[Start of section]

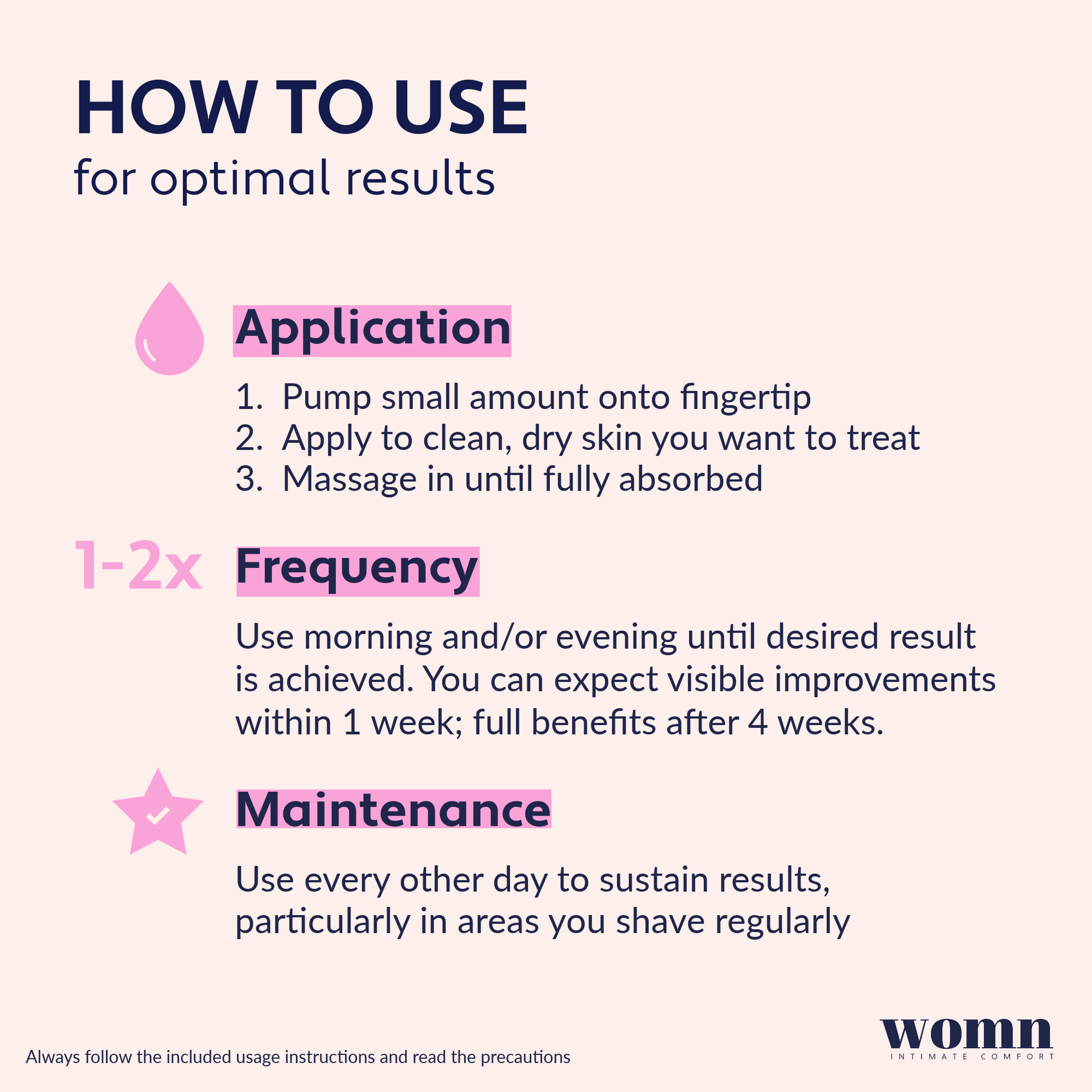 Trage das Serum auf die saubere und trockene Haut auf und massiere es ein, bis es vollständig eingezogen ist. Verwende es morgens und/oder abends bis das gewünschte Ergebnis erreicht ist. Du solltest bereits nach 1 Woche sichtbare Verbesserungen feststellen können, wobei die vollen Vorteile in der Regel nach 4-wöchiger Anwendung erzielt werden. Zur Aufrechterhaltung der Ergebnisse, insbesondere in den Bereichen, die du regelmäßig rasierst, empfehlen wir, das Serum jeden zweiten Tag zu verwenden, um neue eingewachsene Haare zu vermeiden.
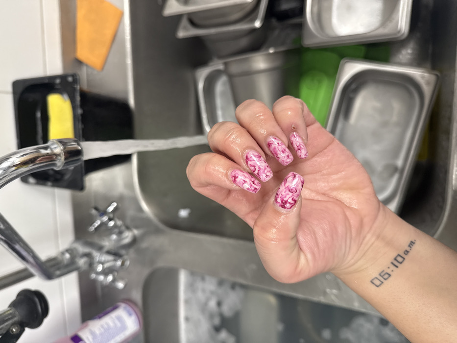 The image depicts a close-up view of a person's wet left hand positioned under running water in a commercial-style kitchen sink in Tsaratsovo, Bulgaria. The hand features coffin-shaped fingernails with a distinct pink and white marble-effect polish. On the inner left wrist, a tattoo displaying "06:10 a.m." in a digital font is visible. The immediate environment consists of a dual-basin stainless steel sink. Water streams from a chrome gooseneck faucet into the right basin, which contains several stainless steel food service pans and a green plastic mat. The left basin appears to hold soapy water. A purple plastic bottle, a black container with a yellow sponge, and an orange cloth are present on the sink's backsplash and counter area.
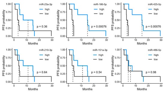 Progression-free survival (PFS) stratified by urinary microRNA (miRNA) levels upregulated in responders (R). Kaplan–Meier curves of PFS in patients grouped into high and low expression by median levels of six urinary miRNAs identified as significantly upregulated in R.
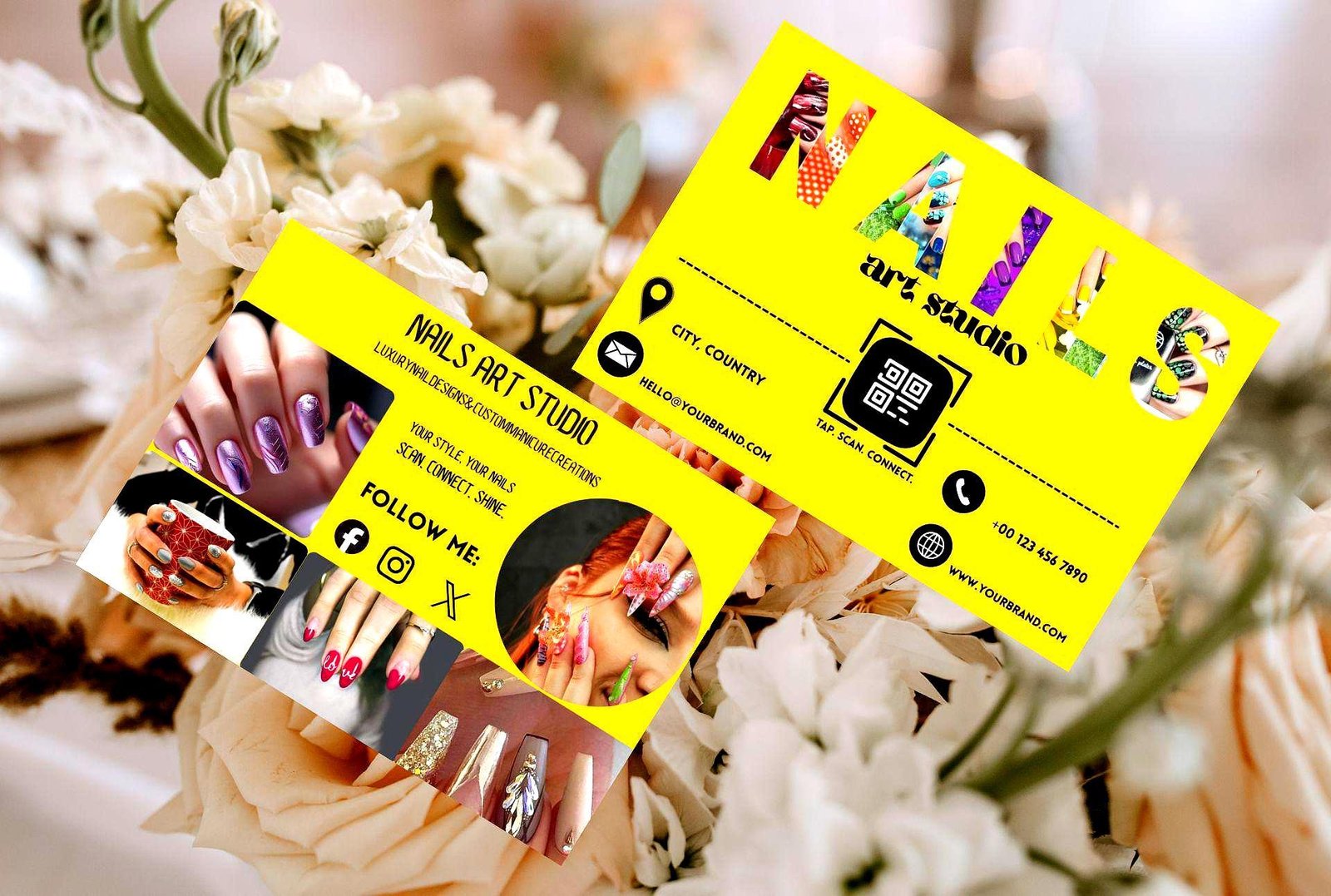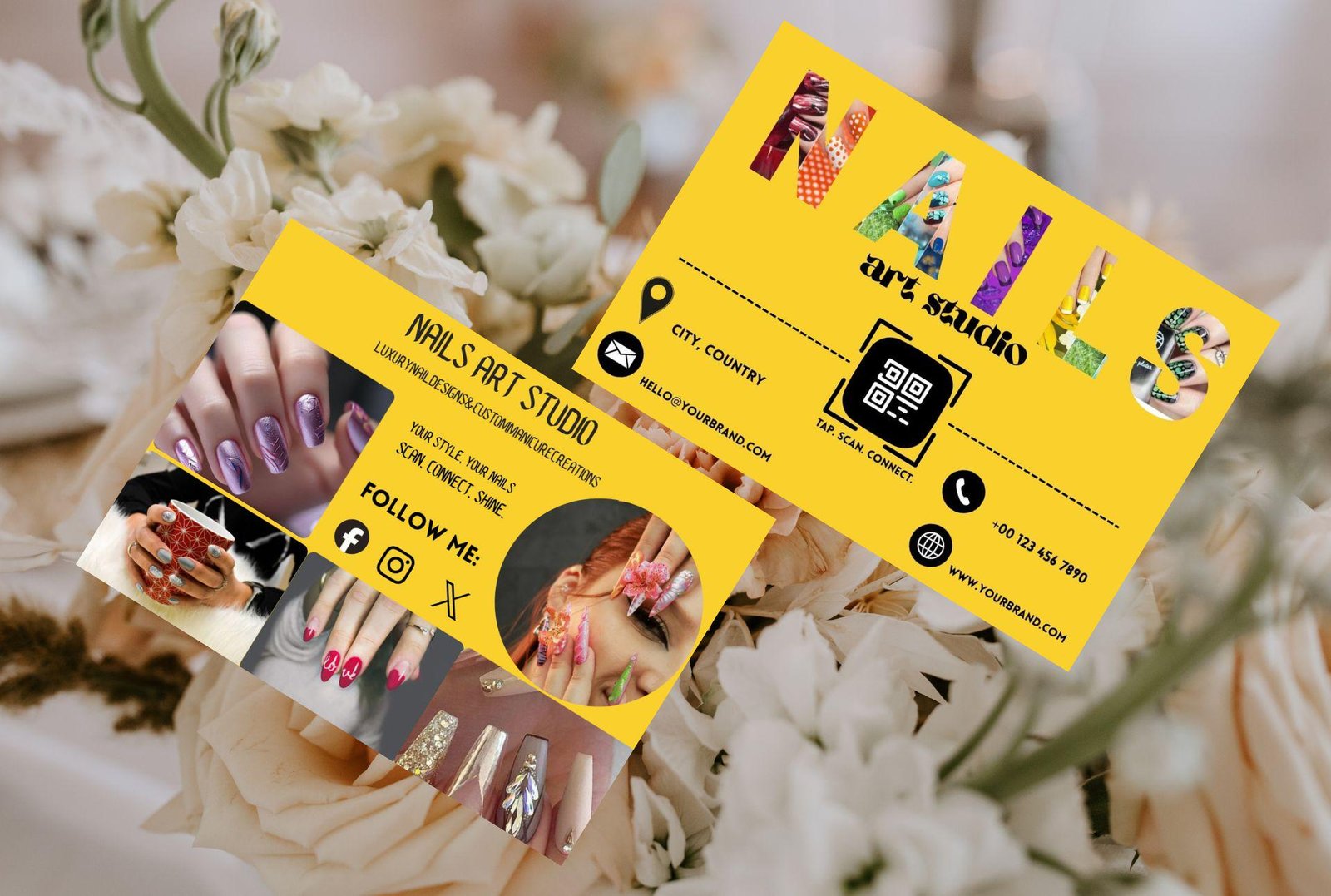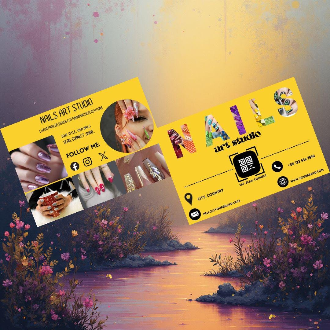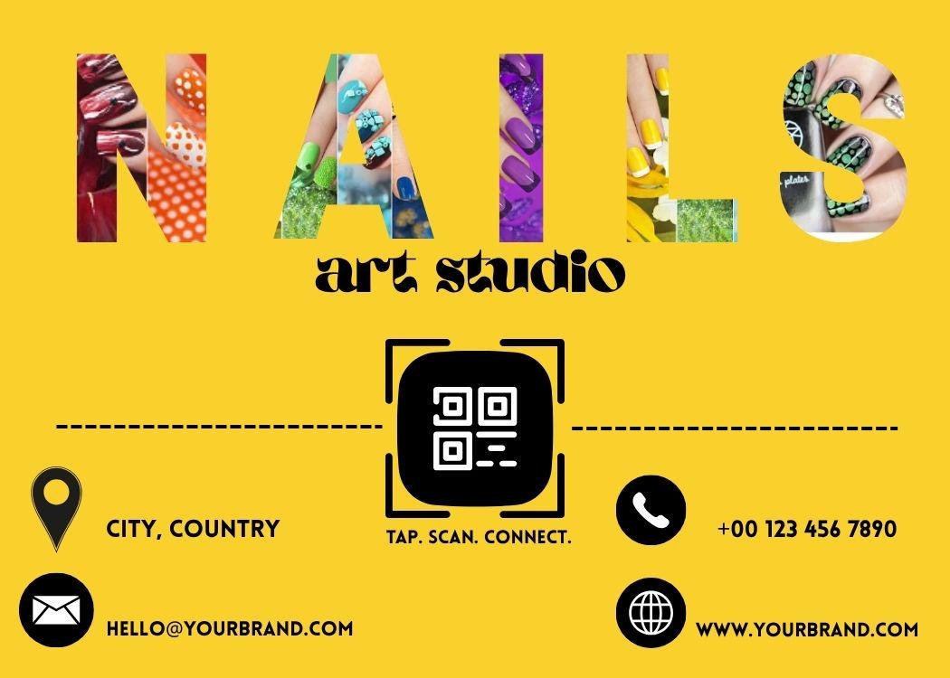 Designed in Canva, this editable salon card template features a vibrant yellow design, creative nail visuals, and a QR code for direct WhatsApp connection. Perfect for promoting your nail studio, sharing on social media, or printing for clients.
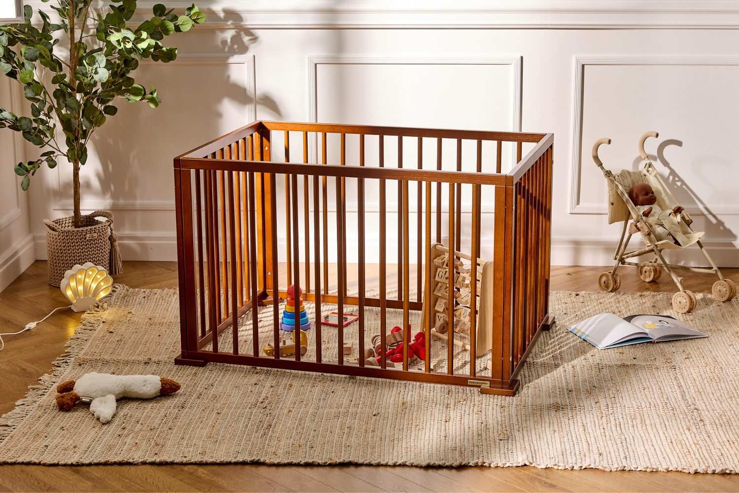 Este parque para bebé está fabricado en madera de haya ecológica de alta calidad. Diseñado con cuidado y protegido con un barniz ecológico certificado, la madera de haya garantiza mayor solidez y durabilidad.
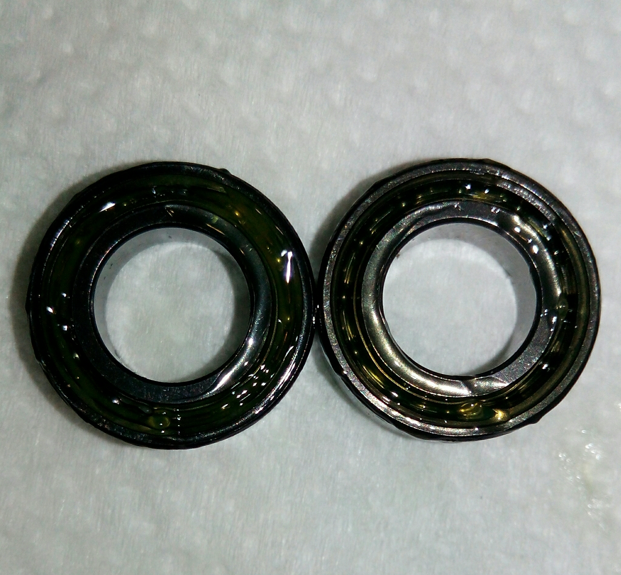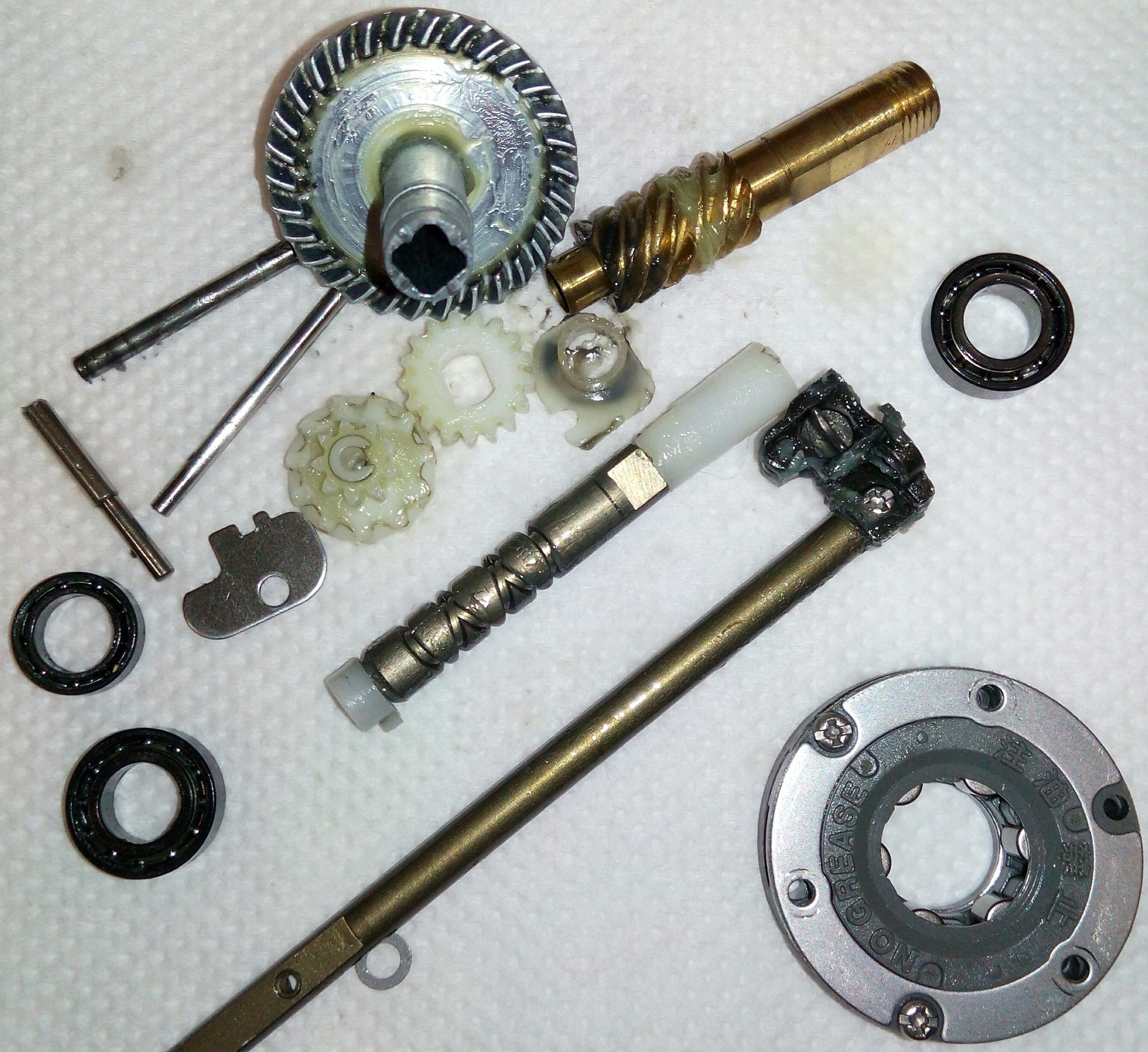 Катушка Shimano 02 TWIN POWER 2000. Данная модель 2002г поэтому мало чем напоминает современные Твины. Подшипников 6+1. Кноб не разборной, рукоятка хоть и складная, но в принципе не сильно люфтовая. Ход был немного шумноват с люфтом ГП. Шум в основном исходил от подшипников, так как они открытого типа и все сухие. Смазка шум убрала. Ролик л/у сухой, подшипник в нём тоже открытый и из-за попадания в него пыли практически пришёл в негодность. Износ ГП почти не заметен, разве что зубья на ведущей шестерне немного приобрели округлую форму. Катушка очень живучая. Одним словом - Твин.

[End of section]

◆ EXERCISE REQUIREMENTS
A word-for-word reproduction is needed of the lines above from the line containing "The image depicts" through the line containing "Designed in Canva, this", with both ends kept and no pictures.

◆ OUTPUT BELOW
 The image depicts a close-up view of a person's wet left hand positioned under running water in a commercial-style kitchen sink in Tsaratsovo, Bulgaria. The hand features coffin-shaped fingernails with a distinct pink and white marble-effect polish. On the inner left wrist, a tattoo displaying "06:10 a.m." in a digital font is visible. The immediate environment consists of a dual-basin stainless steel sink. Water streams from a chrome gooseneck faucet into the right basin, which contains several stainless steel food service pans and a green plastic mat. The left basin appears to hold soapy water. A purple plastic bottle, a black container with a yellow sponge, and an orange cloth are present on the sink's backsplash and counter area.
 Progression-free survival (PFS) stratified by urinary microRNA (miRNA) levels upregulated in responders (R). Kaplan–Meier curves of PFS in patients grouped into high and low expression by median levels of six urinary miRNAs identified as significantly upregulated in R.
 Designed in Canva, this editable salon card template features a vibrant yellow design, creative nail visuals, and a QR code for direct WhatsApp connection. Perfect for promoting your nail studio, sharing on social media, or printing for clients.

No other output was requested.